A ringing phone snatched me back to the present, and as I cradled the phone between my shoulder and ear, I put daddy’s obit back between the pages of To Kill a Mockingbird. I know it will make me sad again the next time I run across it, but this bookmark will also help me to hold onto memories of my dad.


  1. This is very moving. Thanks for sharing thoughts of your father.

  2. Thanks Belle. I appreciate you. I wish you lived closer, Jilda and I would love to do lunch with you and your hubs.

  3. Beautifully written. It was a privilege to read your recollections of your father and his final days.

  4. As you think your father will remain alive in your memories. Mine six years ago that left me and I miss him.

  5. This was very moving to read. Thank you for sharing this.


  6. I think of my parents every day, Rick. Unexpectedly running accross things of theirs or hearing songs in church...many little things catch me emotionally. Since it has been more than 5 years, I'm thinking this will be lifelong.
    Your piece is so poignant and well written...very touching!

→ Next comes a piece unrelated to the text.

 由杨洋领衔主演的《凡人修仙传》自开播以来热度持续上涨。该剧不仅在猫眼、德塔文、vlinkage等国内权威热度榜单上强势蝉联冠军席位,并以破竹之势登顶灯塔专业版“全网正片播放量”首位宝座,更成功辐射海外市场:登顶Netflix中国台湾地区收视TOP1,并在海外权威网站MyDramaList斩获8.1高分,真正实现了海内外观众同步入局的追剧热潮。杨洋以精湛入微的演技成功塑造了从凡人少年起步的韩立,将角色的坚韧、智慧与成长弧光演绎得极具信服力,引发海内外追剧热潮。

  7. Lost my father this year...this was very well written and moving.

  8. What a precious story...

  9. What a beautiful heart-touching post.. so wonderful to hear about your dad..our loved ones are so special and so treasured! You are such a wonderful writer..I was captivated till the very last word! Beautiful tribute to him..very's to your dad!
    Have a sparkling week!!

  10. Thanks to you all for your kind words. I am grateful for having such great blog-buddies!

  11. The memories of those we loved and lost are always fresh in our minds and hearts. I saw a bottle of the perfume my mother used in a shop just two weeks ago and had to supress the urge to purchase it. I did spray the perfume and there she was standing right in front of me in my minds eye.

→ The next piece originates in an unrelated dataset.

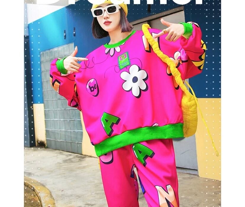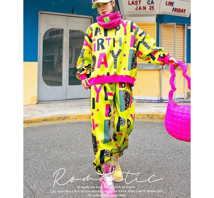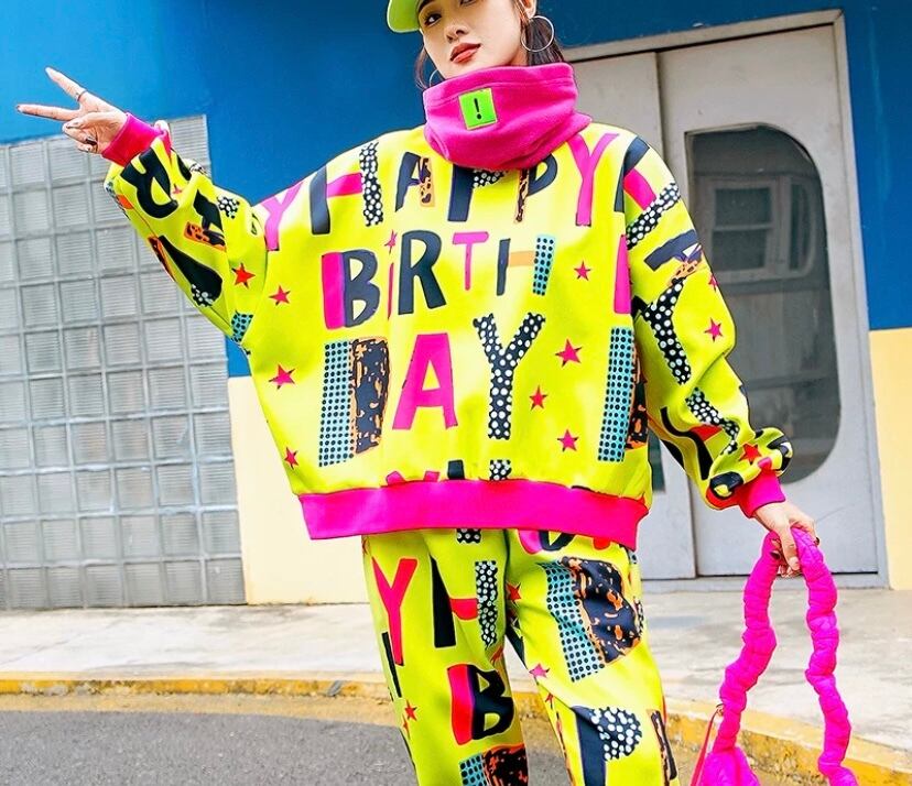 カラフル 黄色 パーカー スウェット トレーナー カジュアル 黄色 ピンク ネオン 蛍光

    A lovely tribute to your Father.

    Nice to meet you too!

  12. How coincidental that you write this on the same day I lost my dad 14 years ago. Talk about connection. Wow. Those memories are all so real aren't they?

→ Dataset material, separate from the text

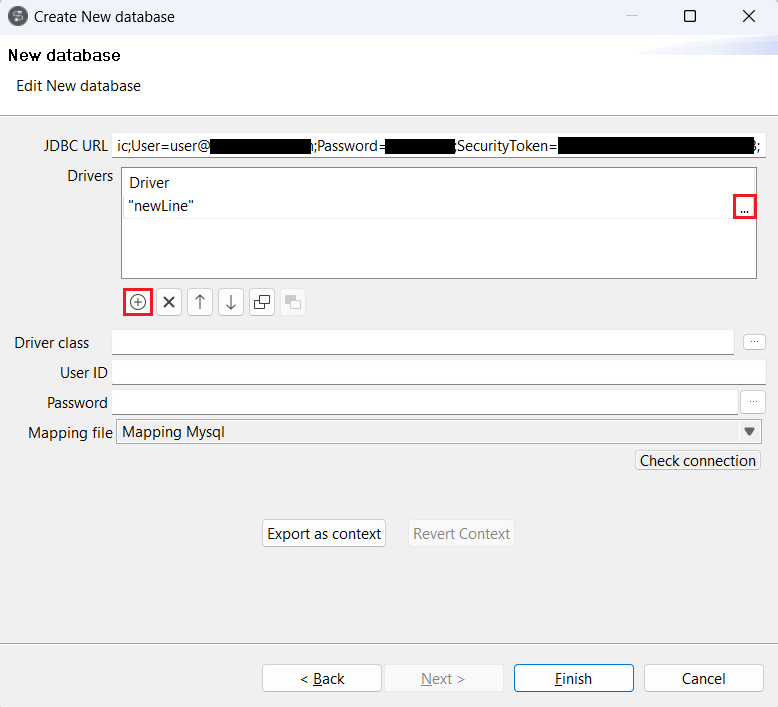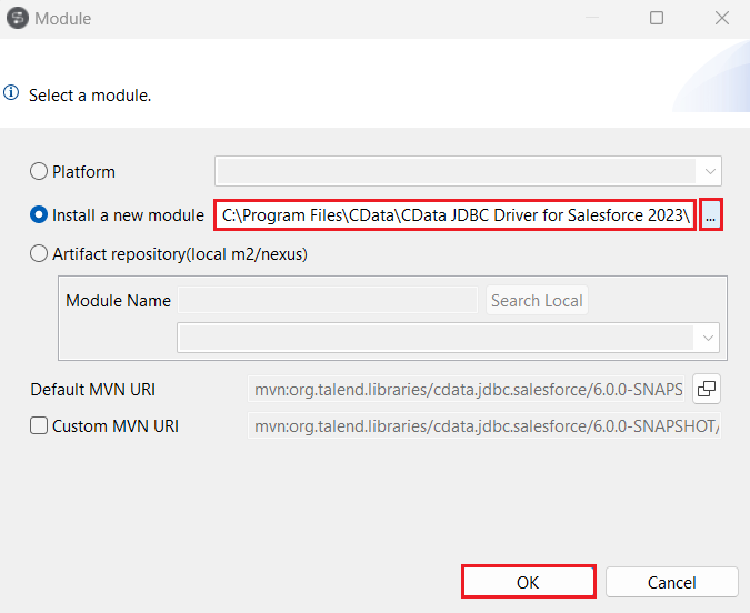 - Click on the "(+) Add" button under Drivers. A 'newLine' will appear in the Drivers board. Click on (...) at the end of the new line, select the Install a new module radio button, and click on (...) to add the path to the JAR file, located in the 'lib' subfolder of the installation directory. Click on OK.

  13. Ornery and I lost our dads about a year apart over 20 years ago. I have a few of my dad's souvenirs, and it sounds like several of the ones your dad saved, as well. My dad had a stainless steel zippo lighter that he filled every week with lighter fluid. I remember those little flints in a yellow plastic package and blue cans of fluid up high in the kitchen cupboard.

    While Ornery's dad left behind a wife and son still at home, my dad had lived alone for several years, so it was up to my sisters and me to go through his massive stash of stuff. It took us a week or more, and even then we ended up leaving a lot of it to the buyer of his house--a personal friend of his who couldn't bear to see it go to a stranger.

    A couple of years after Ornery's Dad passed, his mom had us come to help with a farm sale as she leased out the land and had no need for most of the equipment. That was almost as difficult as parting with my dad's things.

    The end of an era arrived when we lost those men. It is wonderful to remember their lives, and I am glad you put the obit back in the book to remind you later of the days gone by.

  14. I blogged about my Dad on his birthday. (I think your commented)..and it's been 35yrs since he passed and I miss him everyday. You wrote a lovely and moving tribute to your Dad. How funny to have his obit just show up like that. I sometimes wonder if our loved ones are thinking of us when things like that happen out of nowhere? I'm always hoping anyway! Thanks for a beautiful post.

  15. Anonymous12:13 PM

    Rick, Thank you for sharing. Lewis Grizzard wrote of "Crying for your Daddy drunk." Your column did it without the alcohol. Jim

  16. I don't think I've ever read a sweeter post....Your words bought a lump to my throat & tears to my eyes....While coming across your Dear Dad's obit bought the 'blues' your way, it's wonderful you're able to remember him so fondly....!

    Thank you so much for sharing....!!